─── Material provided

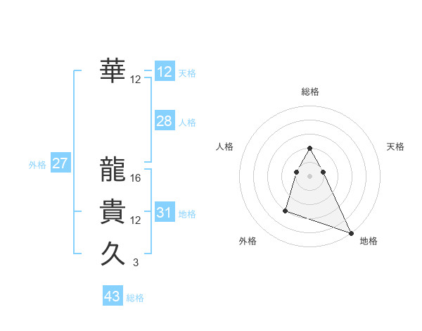 華 龍貴久さんの天格は12画の1点!
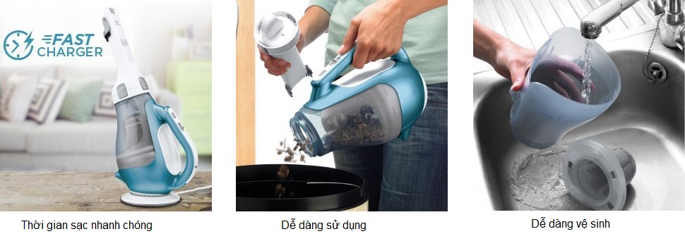 Máy hút cầm tay không dây của Black+Decker – thương hiệu số 1 Thế Giới về dòng máy hút cầm tay không dây, công nghệ pin Lithium mang lại sức hút mạnh mẽ để giúp lấy đi những mớ hỗn độn lớn như thức ăn và vụn rác. Thêm vào đó, thiết bị được tích hợp thêm đầu hút dài và gọn giúp thu gom tóc, lông thú cưng dễ dàng và khiến không gian ngôi nhà bạn lúc nào cũng sạch sẽ.
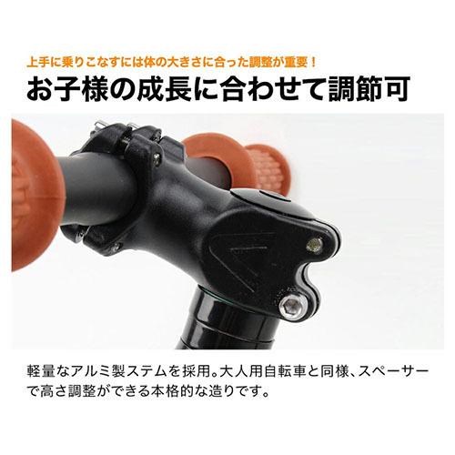 軽量なアルミ製ステムを採用。大人用自転車と同様、スペーサーで高さ調整ができる本格的な造りです。

──────

Problem details: Retype the full listing exactly; pictures stay out.

Solution below:
 華 龍貴久さんの天格は12画の1点!
 Máy hút cầm tay không dây của Black+Decker – thương hiệu số 1 Thế Giới về dòng máy hút cầm tay không dây, công nghệ pin Lithium mang lại sức hút mạnh mẽ để giúp lấy đi những mớ hỗn độn lớn như thức ăn và vụn rác. Thêm vào đó, thiết bị được tích hợp thêm đầu hút dài và gọn giúp thu gom tóc, lông thú cưng dễ dàng và khiến không gian ngôi nhà bạn lúc nào cũng sạch sẽ.
 軽量なアルミ製ステムを採用。大人用自転車と同様、スペーサーで高さ調整ができる本格的な造りです。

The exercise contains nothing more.